-- Data below follows --

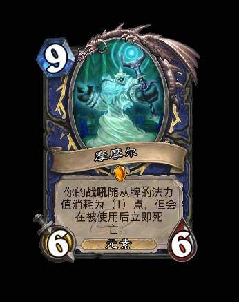 改动后:[法力值消耗9] 你的战吼随从牌的法力值消耗为(1)点,但会在被使用后立即死亡。
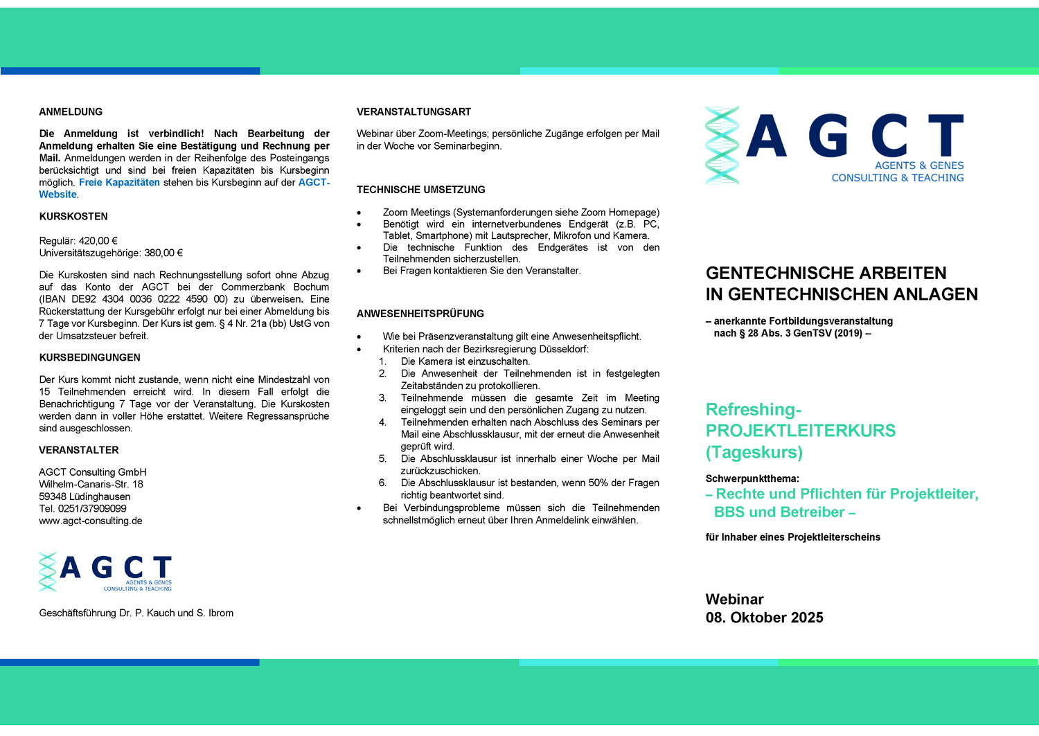 Erwerb der Gentechnik-Sachkunde -Nächstes verfügbares Webinar: Do./Fr. 06./07. November 2025
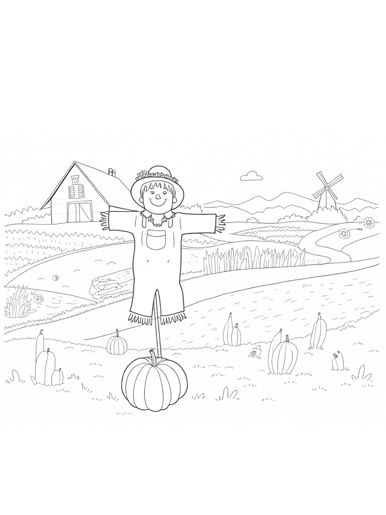 Colorful Farm Landscape with Smiling Scarecrow Coloring Page

-- Data below concluded --

What to work on — Except for the pictures, copy the material above exactly.

Response to this exercise —
 改动后:[法力值消耗9] 你的战吼随从牌的法力值消耗为(1)点,但会在被使用后立即死亡。
 Erwerb der Gentechnik-Sachkunde -Nächstes verfügbares Webinar: Do./Fr. 06./07. November 2025
 Colorful Farm Landscape with Smiling Scarecrow Coloring Page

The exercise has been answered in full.